Scripture teaches that when we are hurt we ought to forgive, and when we are the injurer we ought to repent and make amends. But what about those times when we have been hurt badly—perhaps betrayed horribly by someone close to us—must we still forgive? What if the person who has injured us shows no sign of repenting? Doesn’t forgiving send them the wrong message and imply that it is OK to hurt us again?
Some of the confusion comes from the fact that the word forgiveness means different things to different people. For example, many think that forgiving involves reconciling, but scripture separates those two ideas. Yes, Jesus teaches we must forgive, but he also teaches that we should call the offender to account, and if that person does not repent, shun them (Mt 18:15-17). Forgiveness in scripture can be seen as a gift in which the offender is invited back into relationship with the injured if the offender is prepared to change. In the simplest terms we forgive the sinner, but we reconcile with a reformed person who is intent on making amends and not hurting us again.
That’s the principle, but life is rarely that simple, is it? Let me complicate the matter even further. Research has shown that when we forgive because we are pressured to or because we know we ought to, we tend to continue to be upset with the person. In my studies I have asked participants to imagine that they are sitting beside the one who hurt them. Those who have forgiven because they feel obliged to are uncomfortable with that person. So the dilemma is this: If we forgive because Jesus says we must, we won’t be able to forgive the way Jesus wants us to. To achieve that kind of forgiveness, we have to forgive because we want to.

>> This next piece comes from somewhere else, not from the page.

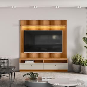 O Rack Para Sala de Estar com Painel Ripado Para TV 75 Pol Orizon L05 Nature Off White, da Lyam Decor, possui um design moderno e elegante que agregará estilo a sua sala de estar. O amplo rack oferece muito espaço de armazenamento para todos os seus dispositivos eletrônicos, enquanto o painel ripado adiciona um toque de sofisticação ao ambiente. Além disso, a iluminação LED integrada cria uma atmosfera acolhedora e contemporânea. Tenha uma sala de estar funcional e com muito charme com o Rack com Painel Ripado Orizon. Você vai se surpreender!
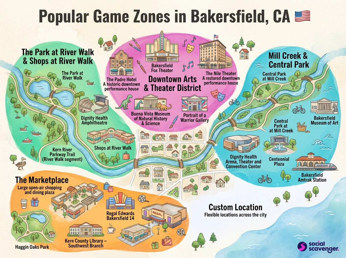 Social Scavenger games are designed to be flexible and can be held in various locations throughout Bakersfield, such as downtown areas, parks, and other public spaces. We work with you to choose locations that best suit your team's goals and preferences.

Why is forgiveness so important to God? In part it is because God has created us to live in harmony for eternity with God and each other. One of the scriptural images of the promised future is of a banquet, a glorious party in the kingdom of heaven. Let me ask you: how much will you enjoy that party if there is someone there whom you have not forgiven from your heart? Eternity is a long time to live with upsetting emotions.
First, know that the person at that wonderful banquet will be the child of God that they were created to be, not the stunted individual who hurt you. It is true that we are called to forgive them as they are now, even as God forgives us while we are sinners. However, reconciliation can wait. We can be cautious about trusting them, and can limit our contact until trust is earned. In the meantime, we can gradually let go of our anger and pain; we can wish them well; we can pray for their reform and that they be reconciled with God and us; we can pray to see them and love them as God does.
However, especially when it is a deep hurt, forgiving takes time. That’s OK. Our God is patient. Take it in baby steps—don’t forget that Jesus loves children. So it is fine to start.